What employment law changes do you need to be aware of under the Enterprise and Regulatory Reform Bill?

We expect this Bill to come into law in the next few weeks. Here are the key provisions for employers and employees:

  • The government will be able to put a new cap on the maximum compensatory award in unfair dismissal claims. The current cap is £74,200. We expect that claimants will have compensation capped at a year’s salary or £74,200 if this is higher.

  • Employment tribunals will be able to fine employers if they breach an employee’s rights in an aggravated way. The fines will be between £500 and £5000.
    Claimants will not be able to bring an employment tribunal claim until they have first tried to settle the claim through ACAS.

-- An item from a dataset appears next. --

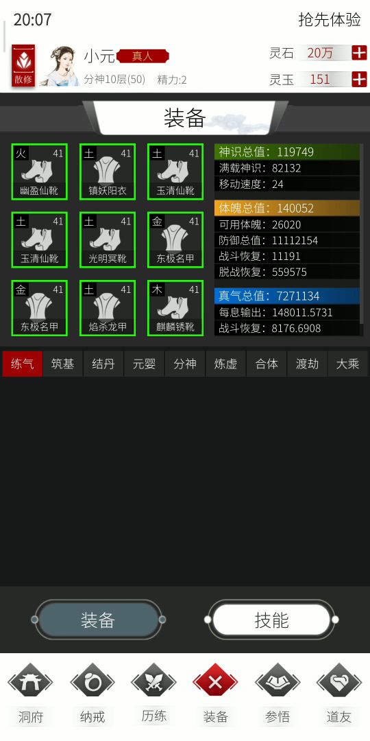 3.经脉中的五行伤害加成(加成法器扛伤)和五行防御加成(直接加成到防御值)太低。
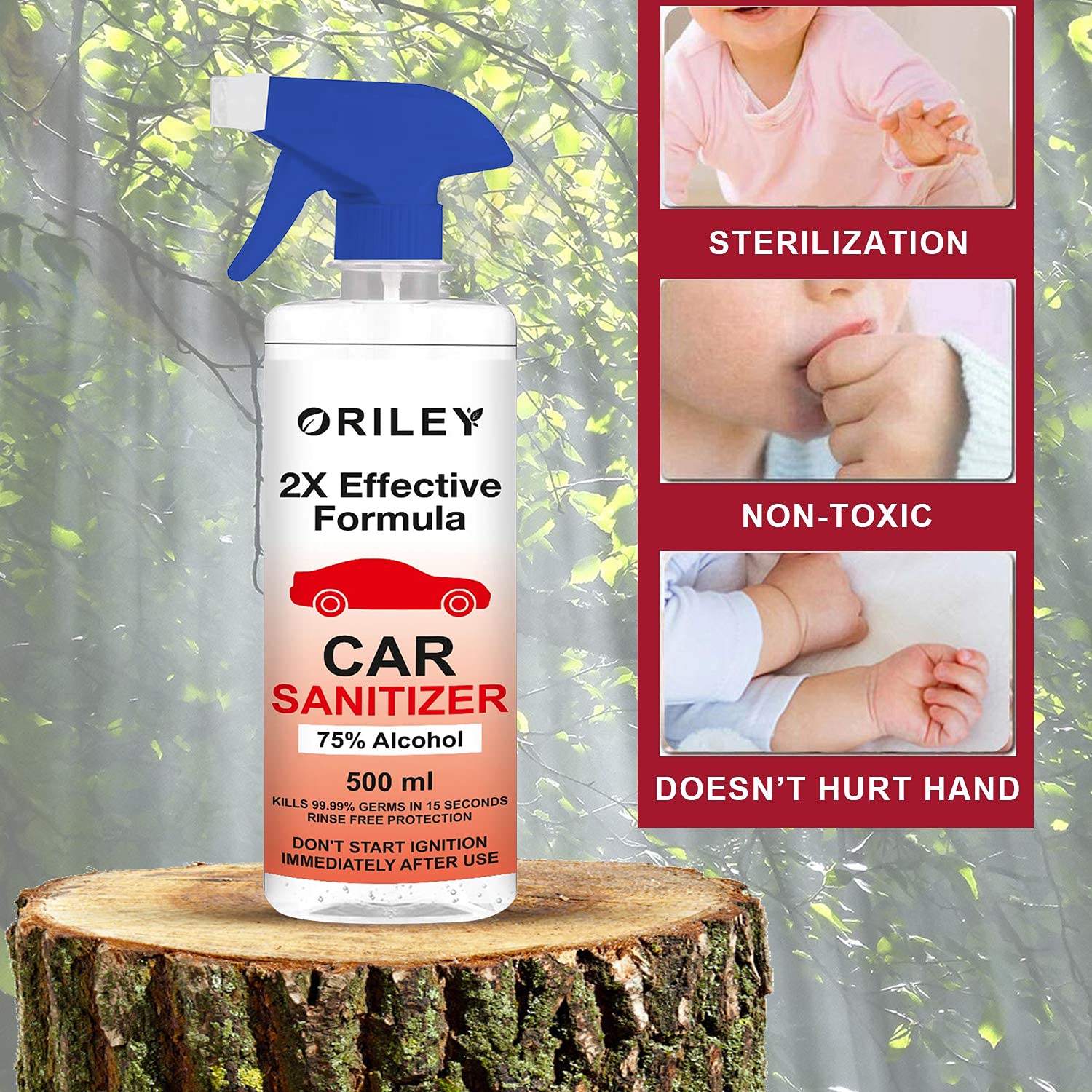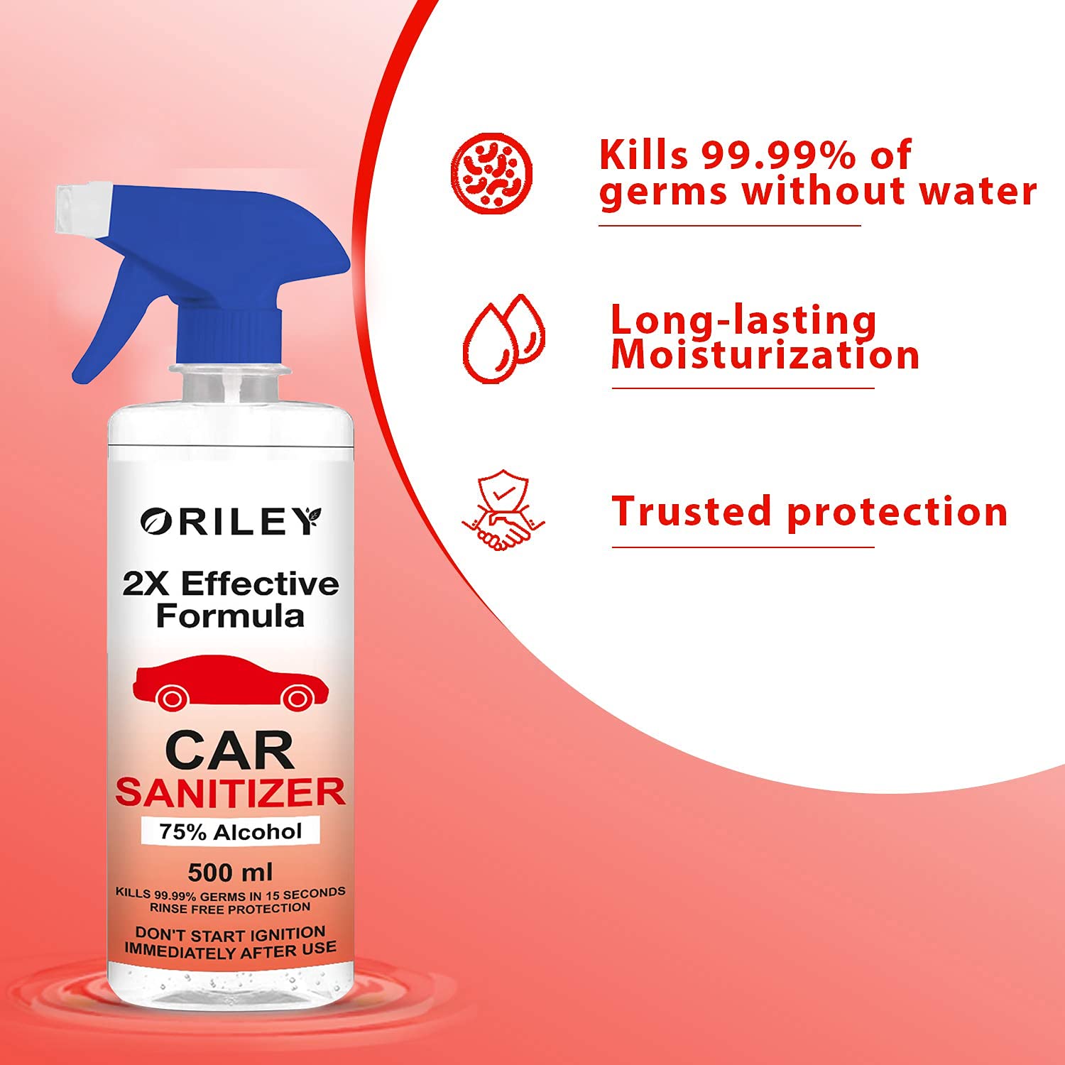 INSTANT CAR SANITIZER: Oriley Instant Car Sanitizer is a 75% Isopropyl Alcohol based palm cleanser that removes germs & bacteria from your Car to keep you safe from all kind of infection-causing possibilities whether you?re indoor & outdoor!

  • It will be possible for employers to have “protected conversations” with employees to explore reaching a termination of employment on agreed terms. If the negotiations are unsuccessful, the employee will not be able to refer to it in an unfair dismissal claim if they are then dismissed. However, this protection will not apply if the dismissal is “automatically unfair” (ie the dismissal was for one of certain prohibited reasons such as whistle blowing) or to claims of discrimination. The employer will also have to follow new ACAS guidance on how to hold the conversation.

  • Compromise agreements will be renamed settlement agreements.

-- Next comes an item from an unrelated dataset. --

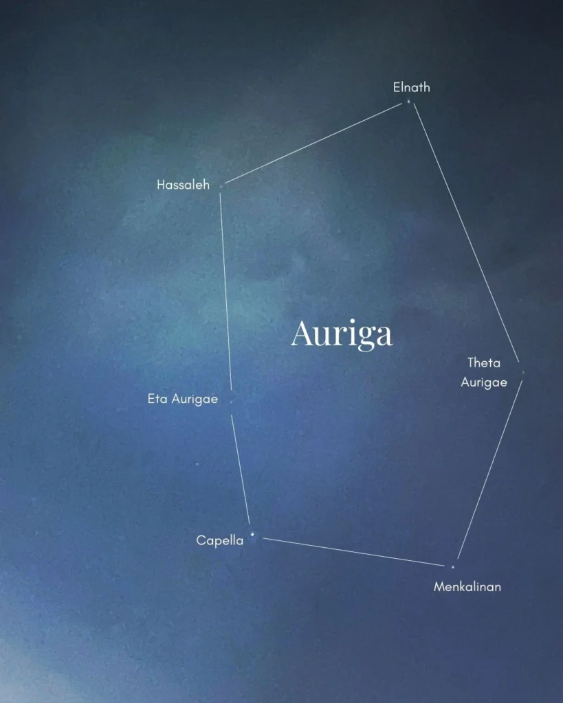 Nah, ini rasi bintang yang unik dan mudah diingat karena hanya membentuk segi lima. Bintang utama di rasi bintang ini jelas Capella karena ia bintang paling terang di antara yang lain.

  • To bring a “whistle blowing claim”, the employee will have to show that the issue they disclosed to their employer concerned the public interest. Currently, if is possible for an employee to bring a whistle blowing claim in the basis that the employer has breached their own contract of employment. This will no longer be possible.

Posted on 25 March 2013




Do employers have to accommodate religious beliefs in the workplace?

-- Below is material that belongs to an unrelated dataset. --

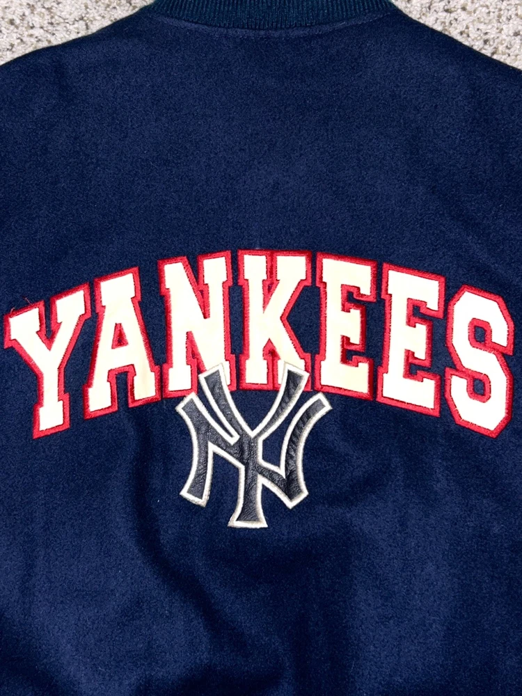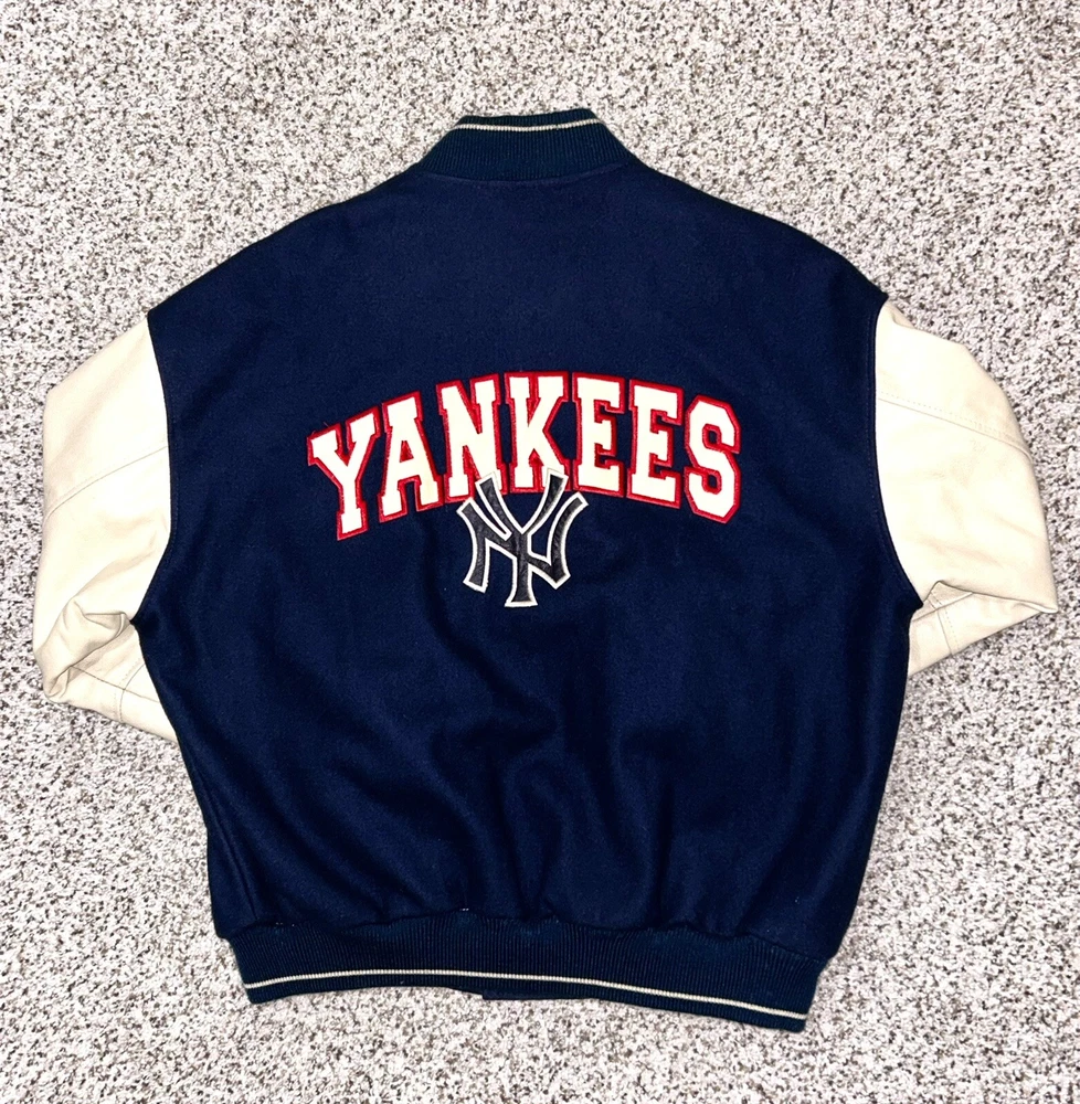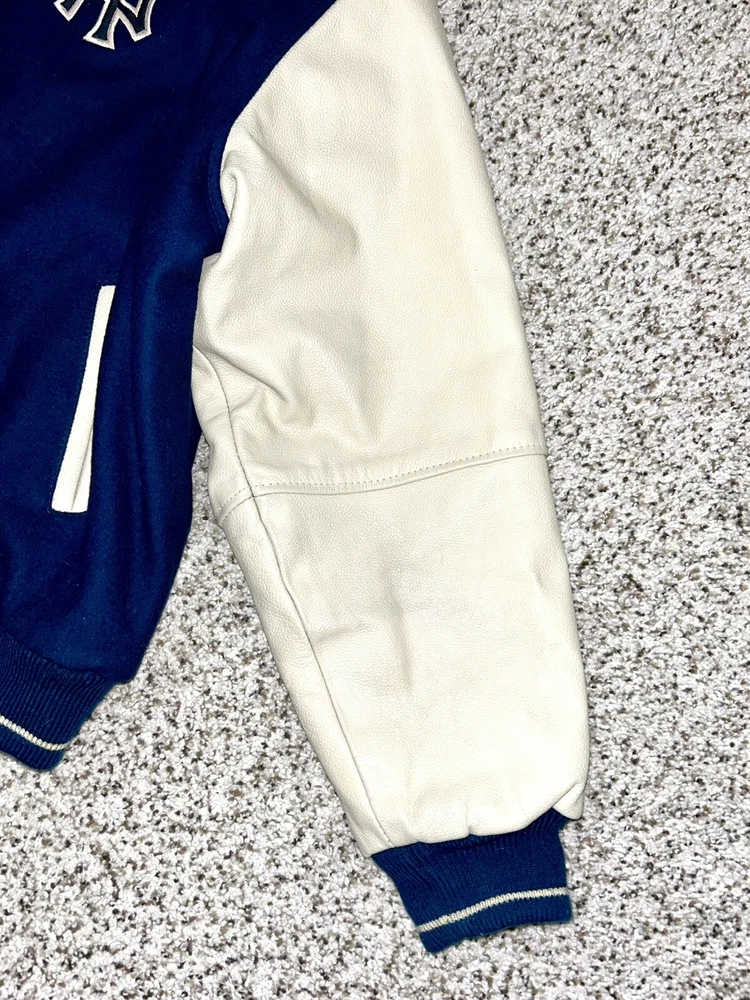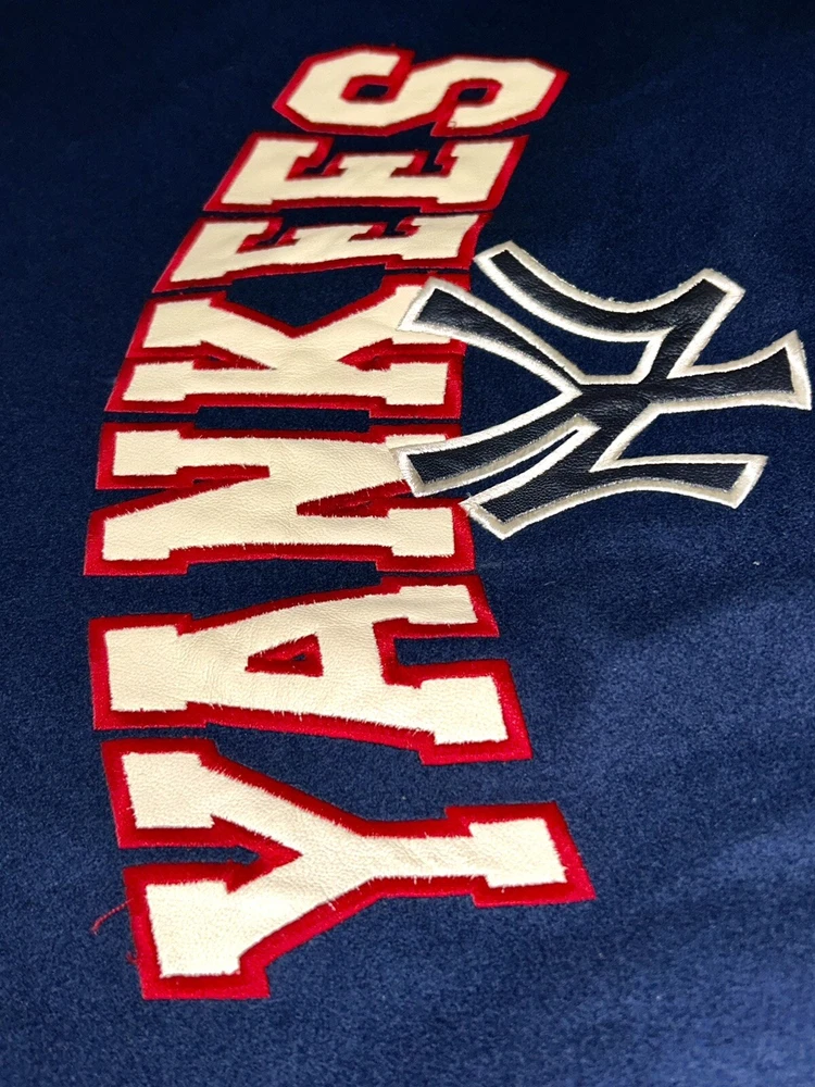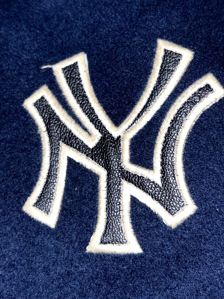 In excellent pre-owned condition lightly worn. Has some wear such as a small black mark on sleeve as shown in photos but no other serious flaws. Men’s size XL and fits true to size. Features leather Yankees logo embroidery patch on front and cool leather spellout embroidery on backside. Has leather sleeves. 100% authentic. Sold as is.

The European Court of Human Rights has ruled on a BA employee and a nurse prohibited from wearing crosses to work and and on a Christian relationship counsellor who did not want to counsel gay couples and a Christian wedding registrar who did not want to carry our civil partnership ceremonies. What does it mean for employers and employees?

All these employees brought claims for discrimination on grounds of their faith when they were disciplined or dismissed. They said that they were disciplined for trying to express their religious beliefs. Key to the court’s decision is that freedom of religion is not an absolute right. It must be balanced against other rights and obligations.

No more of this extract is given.